[The data]

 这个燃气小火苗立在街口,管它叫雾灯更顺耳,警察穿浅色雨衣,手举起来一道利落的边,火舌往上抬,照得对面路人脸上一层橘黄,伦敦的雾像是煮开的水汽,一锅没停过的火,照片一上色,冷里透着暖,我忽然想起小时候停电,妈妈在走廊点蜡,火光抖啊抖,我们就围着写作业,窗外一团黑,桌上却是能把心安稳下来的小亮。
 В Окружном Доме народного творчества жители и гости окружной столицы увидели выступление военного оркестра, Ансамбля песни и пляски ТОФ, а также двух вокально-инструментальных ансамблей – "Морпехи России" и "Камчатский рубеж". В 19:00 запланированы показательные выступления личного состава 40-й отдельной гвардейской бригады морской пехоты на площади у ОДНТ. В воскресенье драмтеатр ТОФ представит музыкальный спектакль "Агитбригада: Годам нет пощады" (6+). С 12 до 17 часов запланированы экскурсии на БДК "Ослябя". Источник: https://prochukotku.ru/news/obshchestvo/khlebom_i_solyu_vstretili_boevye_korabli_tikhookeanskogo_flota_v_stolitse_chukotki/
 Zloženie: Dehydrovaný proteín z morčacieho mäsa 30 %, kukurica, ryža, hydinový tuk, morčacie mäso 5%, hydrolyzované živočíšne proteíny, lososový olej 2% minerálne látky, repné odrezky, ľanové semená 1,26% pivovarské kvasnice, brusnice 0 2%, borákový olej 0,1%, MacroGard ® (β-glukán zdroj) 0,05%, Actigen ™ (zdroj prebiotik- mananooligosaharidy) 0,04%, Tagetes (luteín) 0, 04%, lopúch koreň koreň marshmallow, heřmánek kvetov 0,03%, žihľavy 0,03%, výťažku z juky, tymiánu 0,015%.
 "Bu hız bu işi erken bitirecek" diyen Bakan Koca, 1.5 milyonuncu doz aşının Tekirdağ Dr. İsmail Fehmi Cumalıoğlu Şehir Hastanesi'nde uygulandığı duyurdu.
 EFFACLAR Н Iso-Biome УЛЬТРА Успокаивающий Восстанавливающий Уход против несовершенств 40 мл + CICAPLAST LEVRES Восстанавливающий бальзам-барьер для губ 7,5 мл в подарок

[What is expected] Write out, exactly as they appear, the lines from the one containing "Hastanesi'nde uygulandığı duyurdu." through the last line of the records above, both included, and nothing more.

[Task output]
 "Bu hız bu işi erken bitirecek" diyen Bakan Koca, 1.5 milyonuncu doz aşının Tekirdağ Dr. İsmail Fehmi Cumalıoğlu Şehir Hastanesi'nde uygulandığı duyurdu.
 EFFACLAR Н Iso-Biome УЛЬТРА Успокаивающий Восстанавливающий Уход против несовершенств 40 мл + CICAPLAST LEVRES Восстанавливающий бальзам-барьер для губ 7,5 мл в подарок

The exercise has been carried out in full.